Today we explore the answers to two related questions.

The answer is a resounding yes and the construction, which we tackle in the next section, is standard and very simple to come up with. This takes us to the next and much darker question.

At first, I thought it would be a simple formula just using some \gcd’s or something like that but it turned out to be much more involved. After 3 attempts, documented on the proceeding sections, I discovered that in 2004 Boris Alexeev¹ proved a formula for how many states this automaton must have but with no comments on how to actually construct the transitions.

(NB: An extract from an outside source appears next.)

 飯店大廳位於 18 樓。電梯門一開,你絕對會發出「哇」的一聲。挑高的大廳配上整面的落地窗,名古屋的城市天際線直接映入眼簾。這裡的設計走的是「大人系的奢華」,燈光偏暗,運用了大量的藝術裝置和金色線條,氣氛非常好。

So today let’s explore how to write such automata in a painfully explicit way. We start the journey at the standard construction and refine it till reaching the minimal one.

Notation

By a \mid b we mean that a divides b. The greatest common divisor has the usual \gcd notation, and since we make heavy use of their ratios, let’s define {\left.{a}\right|_{{b}}} \coloneqq {\frac a {\gcd(a, b)}}. This one is a non-standard notation, but helps with the mess of symbols we’re about to confront. For a rational x, denote by \lfloor x \rfloor and \lceil x \rceil its floor and ceiling, i.e., the tightest integers satisfying \lfloor x \rfloor \le x \le \lceil x \rceil. A sequence of digits \omega represents a number in base b defined as [\omega]_b \coloneqq \sum_{i = 0}^N \omega_i b^i.

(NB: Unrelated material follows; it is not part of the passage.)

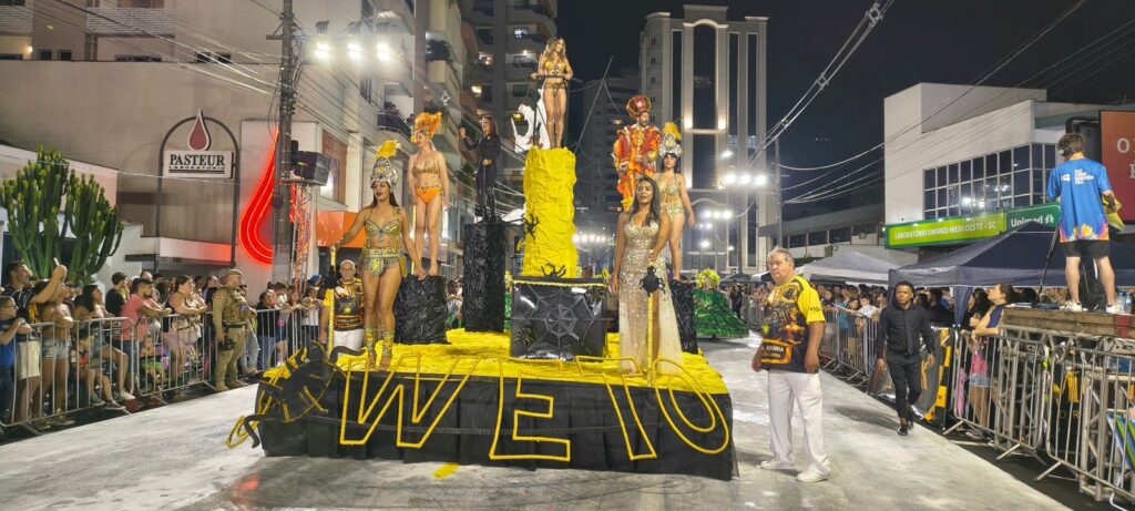 Reconhecida como a Capital Catarinense do Carnaval, Joaçaba viveu neste sábado (14), uma noite histórica com a realização da primeira noite oficial de desfiles do Carnaval 2026. A Avenida XV de Novembro, transformada na tradicional Avenida do Samba, recebeu um público entusiasmado, com arquibancadas e camarotes lotados em uma celebração marcada por cores, brilho, música e muita emoção.

Sometimes I’ll also use regex notation to declutter some figures. For example, \texttt{[abcd]} means one of \mathtt{a, b, c,} or \mathtt d and \texttt{[1-9]} means all digits from 1 till 9.

Construction I: Modular Transitions

Our objective is to construct a deterministic finite automaton A_1 accepting the language L(b, m) of base-b numbers divisible by m. How do we construct this machine? The input consists of digits written in base-b, thus the alphabet is \Sigma= \{0, \ldots, b-1\}. For the states, the idea is to consider them as the machine’s “memory” remembering the remainder up until now. So, when dividing a number by m, there are m possible remainders and the state set is \mathcal{S}_1 = \mathbb{Z}_m = \{0, \ldots, m-1\}. Also, for simplicity, we consider the empty string to equal zero, and use it as the initial state. You can always add an extra state to deal with this edge case, but we will ignore this in the post. Since we are interested in divisibility, we only accept strings ending at the state 0.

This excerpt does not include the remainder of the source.